Wednesday's CPI numbers were much better than expected - market economists were expecting a 0.7 per cent March-quarter rise - and they give the central bank plenty of headroom.

The Australian dollar fell by about half a US cent just after the CPI result came out on that thinking, but a rate cut when the Reserve next meets on May 7 is far from assured.

As HSBC economist Paul Bloxham noted this week, there are growing signs that the central bank is getting traction after cutting its cash rate from 4.75 per cent to 3 per cent between October 2011 and December last year.

There are concerns that a crunch could come next year if the resources sector retreats before activity in the rest of the economy has picked up.

It could happen if Woodside's decision to shelve the $40 billion-plus Browse LNG development in the face of cost blowouts, a high $A and soft prices is a harbinger of coal seam LNG export project deferrals in Queensland, or if the rest of the economy is slow to accelerate.

The non-resources economy does have a better feel about it than it did late last year.

Retail sales rose by a seasonally adjusted 1.3 per cent in February, and are up 3.2 per cent in a year. Building approvals rose by 3.1 per cent in February and by 12.8 per cent in a year. House prices rose by 1.7 per cent in the March quarter, and by 3.2 per cent in a year.

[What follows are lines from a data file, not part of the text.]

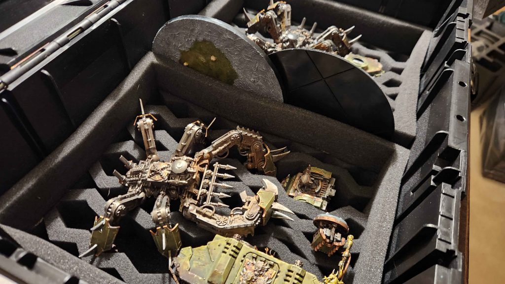 With the pieces in place, it all works well, giving me a base that clips to the model easily and can be detached just as readily, making it easy to transport what are otherwise really large, bulky models that can take up lot of space. That means the bases can slide sideways into my mini transport case without any trouble, making it easy to travel with the army. That's a big part of what kept me from putting bases on the Defilers - well, that and being unable to move them past most ruins.
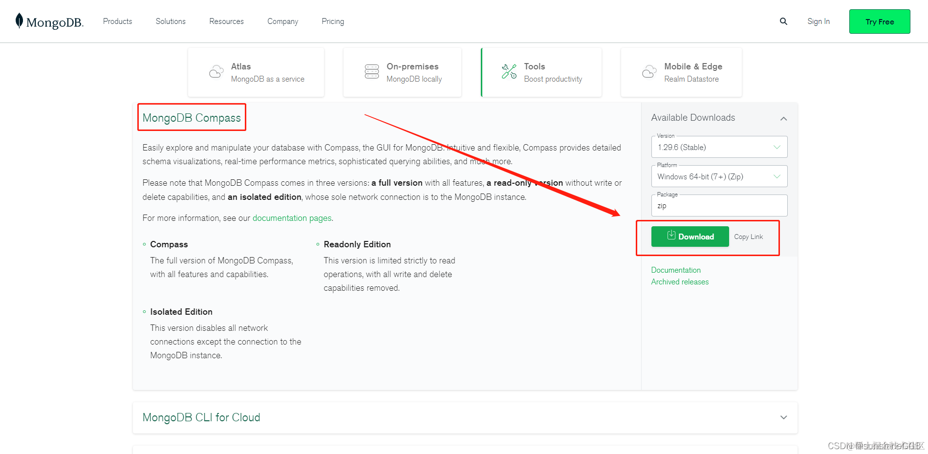 MongoDB Compass 预编译二进制包下载地址:www.mongodb.com/try/downloa…
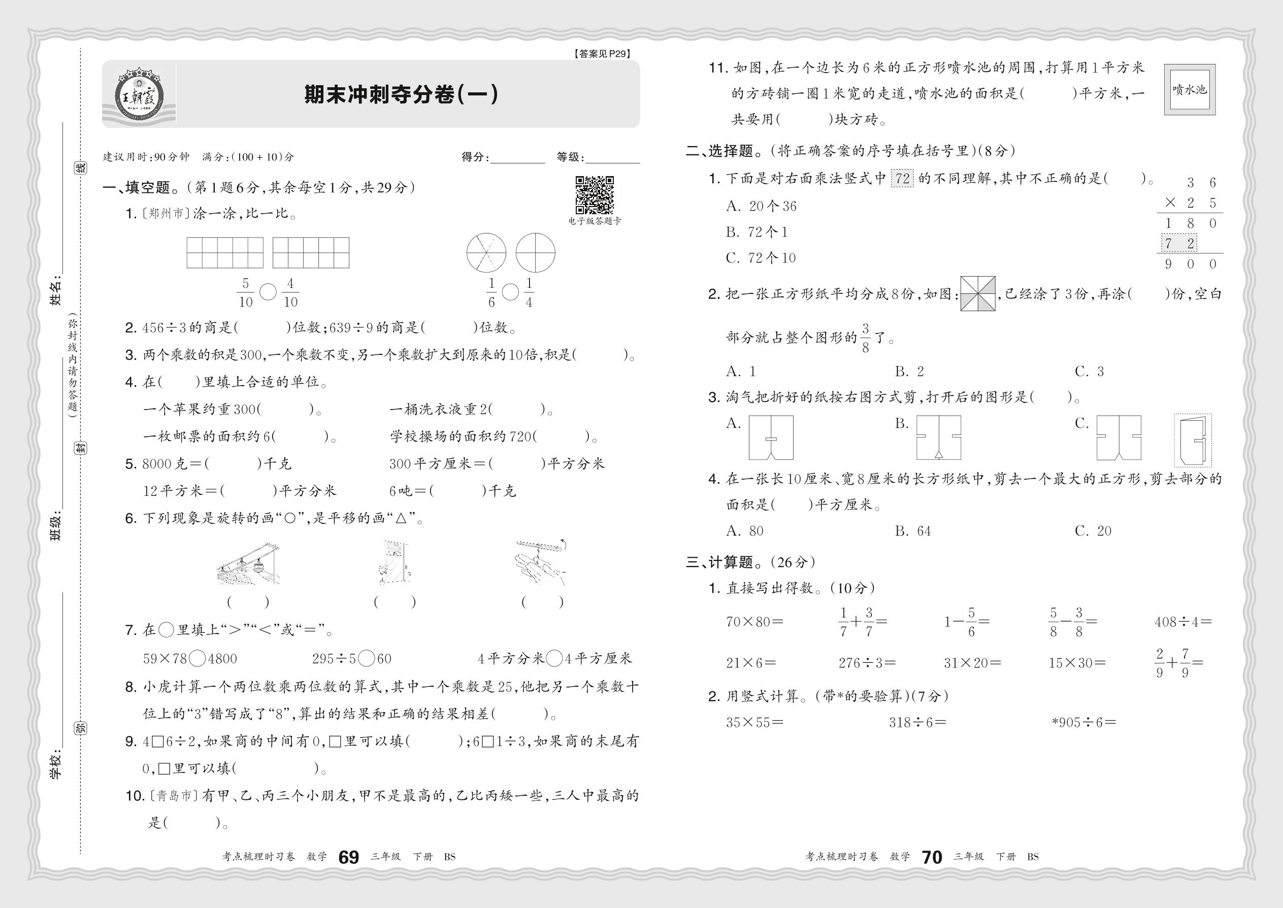 2024春下册三年级数学北师版 期末冲刺夺分卷(一)

The housing picture changes from city to city. Australian Property Monitors estimates that Melbourne house prices are still 4.2 per cent below their mid-2010 peak, for example, while Sydney prices are 4 per cent above their mid-2011 high. Brisbane prices are still 7 per cent short of a mid-2010 peak, and Adelaide is 6.1 per cent below its mid-2010 peak.

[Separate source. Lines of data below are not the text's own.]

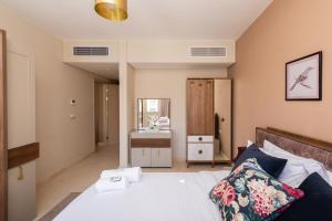 The spacious apartment features 2 bedrooms and 3 bathrooms with a bath and free toiletries. The well-equipped kitchen has a stovetop, a refrigerator, kitchenware and an oven. The apartment offers air conditioning, a washing machine, a coffee machine, a dining area, as well as a TV with cable channels. V této ubytovací jednotce je k dispozici 3 postele.
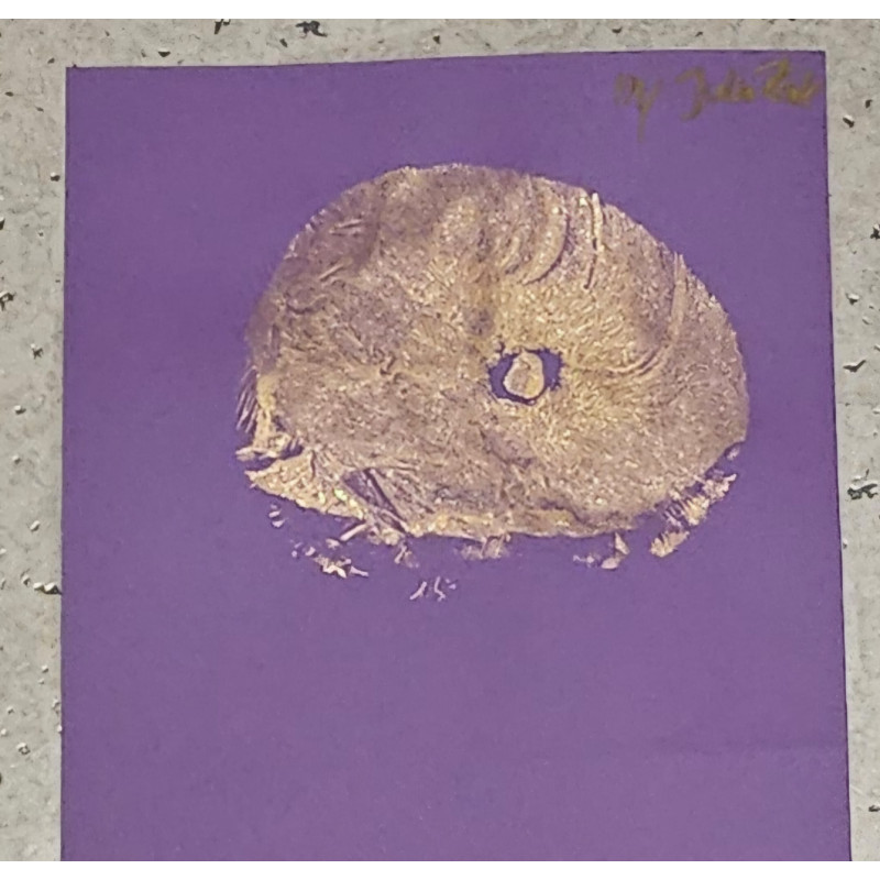 Einen goldenen Abdruck meiner Brust, auf lila Hintergrund, sieht nicht nur Edel aus, es ist ein absolutes Einzelstück.
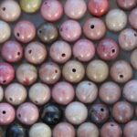 Punakas roosa ja pruunide varjunditega looduslikud rodoniidi auguga helmed, mis on sobilikud ehete (käe- ja kaelakeed) valmistamiseks.
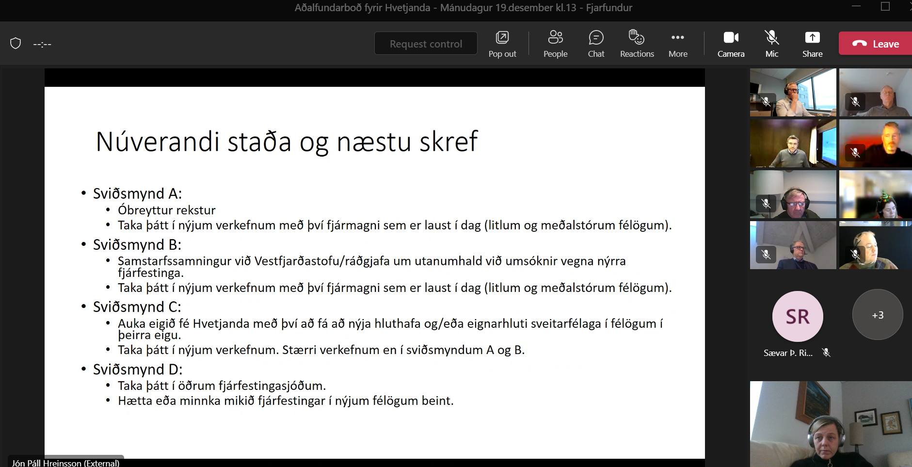 Aðalfundur Hvetjanda var haldinn í vikunni fyrir jól. Hvetjandi er fjárfestingarsjóður sem fjárfestir í vestfirskum fyrirtækjum. Félagið er í eigu Byggðastofnunar og nokkurra vestfirskra sveitarfélaga og fyrirtækja. Ég var endurkosin í stjórn félagsins ásamt Shiran Þórissyni fyrir hönd Ísafjarðarbæjar. Með okkur í stjórninni er Jón Páll bæjarstjóri í Bolungarvík sem er jafnframt stjórnarformaður og Viktoría Rán Ólafsdóttir og Guðbjörg Óskarsdóttir fyrir hönd Byggðastofnunar. Gaman að segja frá því að við erum öll fyrrum starfsmenn Atvinnuþróunarfélags Vestfjarða nema Guðbjörg.
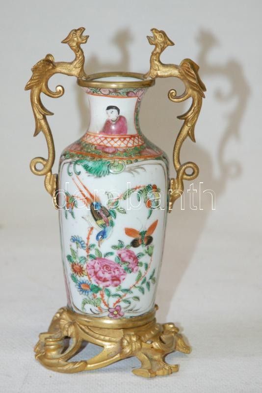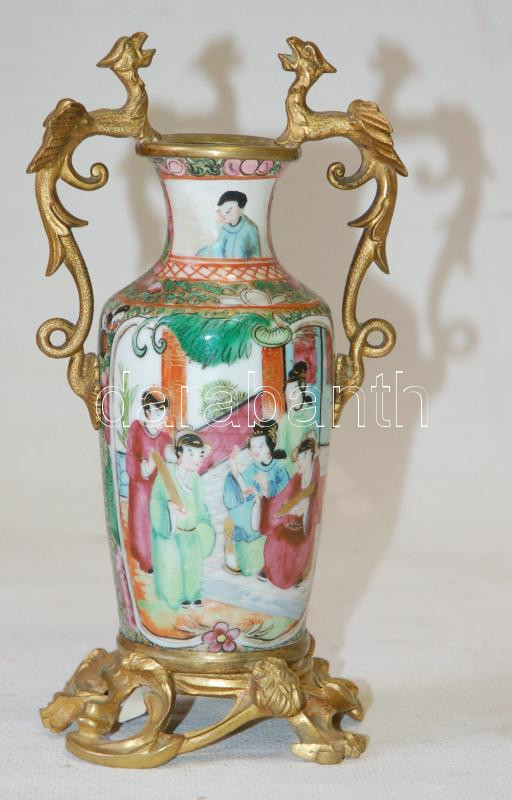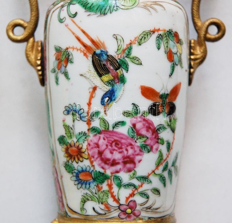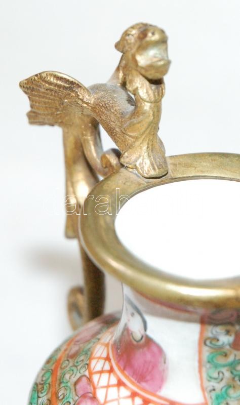 XIX. sz. első fele: Kínai váza, festett porcelán, "famille rose" díszítéssel, aranyozott bronz rátétekkel. /
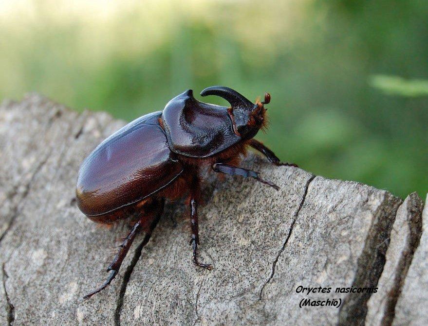 Talvolta scambiato per scarafaggio ma appartenente all’ordine dei Coleotteri e alla famiglia degli Scarabeidi, era prima molto presente nelle nostre campagne. I maschi sono dotati di un vistoso corno cefalico rivolto all’indietro, caratteristica che è valso a questi insetti il nome comune di scarabeo rinoceronte. Dalle abitudini crepuscolari e notturne, ha un volo poco preciso e pesante, infatti, spesso sbatte rumorosamente sui muri cadendo rovinosamente per terra. Gli adulti non si nutrono, consumando durante le poche settimane di vita adulta le riserve accumulate nel corso degli stadi larvali. Essendo un coleottero dovrebbe essere considerato un portafortuna piuttosto che provocare ribrezzo.

Clearly the housing market is recovering from the hangover that came after the boom in 2009 and the first half of 2010 when rates were tumbling and global crisis stimulus including first home buyer grants were on offer.

Melbourne house prices rose by a ridiculous 30 per cent during that time, and Sydney prices rose by 20 per cent. The current steady rate of growth is healthier, and more rate cuts might actually push demand and prices up too hard.

There are caveats, of course. The retail turnover numbers may be being boosted by carbon tax household assistance, for example. Corporate reinvestment in the non-resources economy has not taken off, and right across the economy employment prospects are less secure than they were last year as companies chase productivity growth. But the trend seems to be improving and, after this inflation result, there is no doubt the Reserve can cut rates at least twice if it changes.

China shop bullish

The Reserve Bank also kicked a goal on Australia's behalf on Wednesday with deputy governor Philip Lowe's announcement in Shanghai that the central bank will invest about 5 per cent of its foreign reserves in Chinese government bonds.

The move follows last year's negotiation of a currency swap facility between the Reserve and China's central bank, and this month's announcement that the $A would join the US dollar and the yen in being directly traded with the yuan. The moves make sense given the size of the trading relationship between the two countries: and by buying Chinese government bonds the Reserve is taking a position in a currency that should appreciate over time, on its way to becoming one of the world's key reserve currencies.